A millisecond of hesitation as he pressed his lips together. “Nope. You’re a smart-ass with abysmal taste in beverages.” He traced the corner of his iPad, a small smile playing on his lips. “Send me your slides.”
“My slides?”
“For your talk. I’ll take a look at them.”
Olive tried not to gape at him. “Oh—you . . . I’m not your grad. You don’t have to.”
“I know.”
“You really don’t have to—”
“I want to,” he said, voice pitched low and even as he looked into her eyes, and Olive had to avert her gaze because something felt too tight in her chest.
“Okay.” She finally managed to snap out the loose thread on her sleeve. “How likely is it that your feedback will cause me to cry under the shower?”
“That depends on the quality of your slides.”

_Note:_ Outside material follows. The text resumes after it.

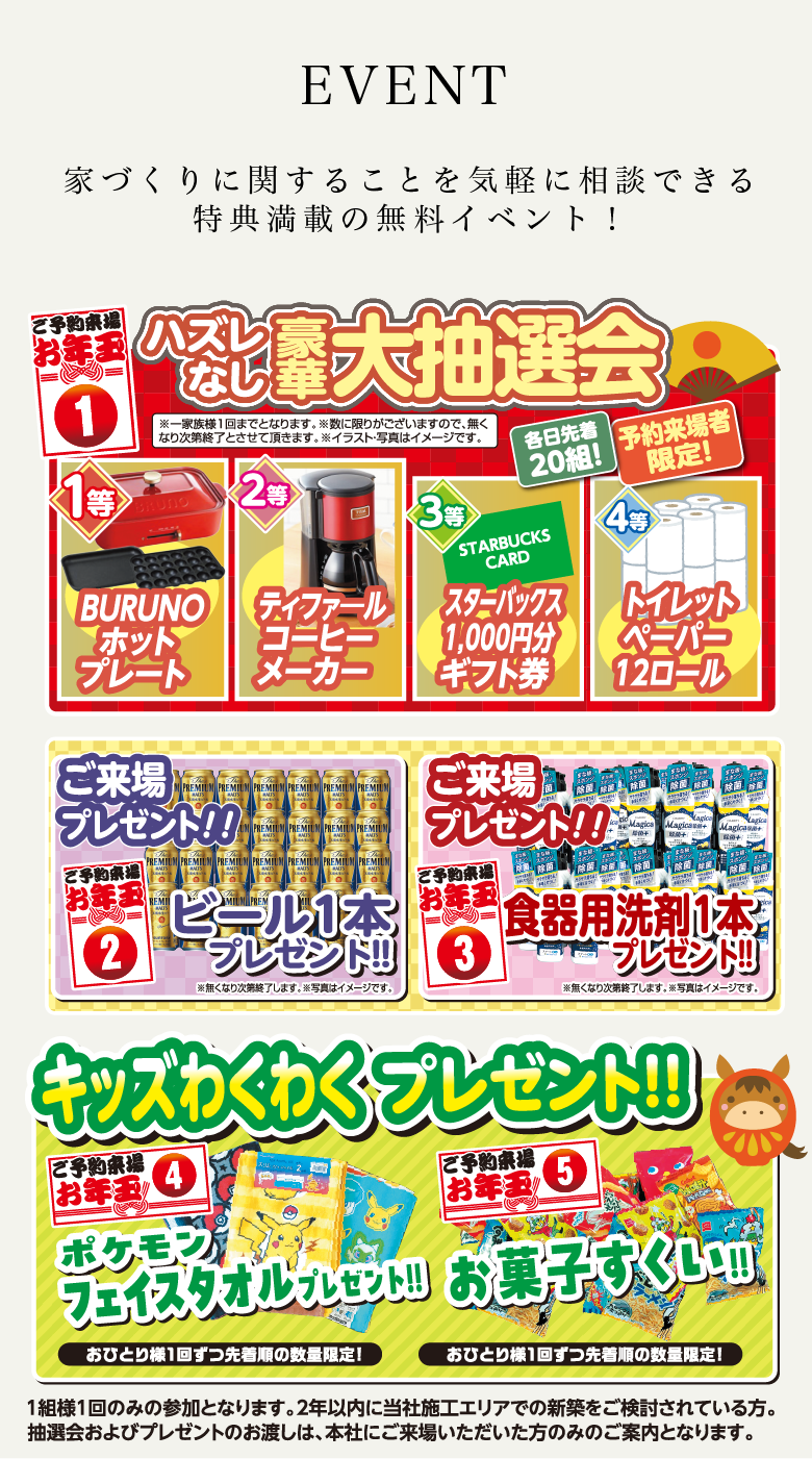 | 備考 | <事前予約制> HPより事前のご予約で特典に参加できます。 抽選会およびプレゼントのお渡しは、本社にご来場いただいた方のみのご案内となります。ご了承ください。 | ||

She smiled. “Don’t feel like you have to hold back.”
“Believe me, I don’t.”
“Good. Great.” She sighed, but it was reassuring, knowing that he was going to be checking her work. “Will you come to my talk?” she heard herself ask, and was as surprised by the request as Adam seemed to be.
“I . . . Do you want me to?”
No. No, it’s going to be horrible, and humiliating, and probably a disaster, and you’re going to see me at my worst and weakest. It’s probably best if you lock yourself into the bathroom for the entire duration of the panel. Just so you don’t accidentally wander in and see me making a fool of myself.
And yet. Just the idea of having him there, sitting in the audience, made the prospect seem like less of an ordeal. He was not her adviser, and he wasn’t going to be able to do much if she got inundated by a barrage of impossible questions, or if the projector stopped working halfway through the talk. But maybe that wasn’t what she needed from him.
It hit her then what was so special about Adam. That no matter his reputation, or how rocky their first meeting, since the very beginning, Olive had felt that he was on her side. Over and over, and in ways that she could never have anticipated, he had made her feel unjudged. Less alone.
She exhaled slowly. The realization should have been rattling, but it had an oddly calming effect. “Yes,” she told him, thinking that this might very well turn out to be all right. She might never have what she wanted from Adam, but for now at least, he was in her life. That was going to have to be enough.
“I will, then.”
She leaned forward. “Will you ask a long-winded, leading question that will cause me to ramble incoherently and lose the respect of my peers, thus forever undermining my place in the field of biology?”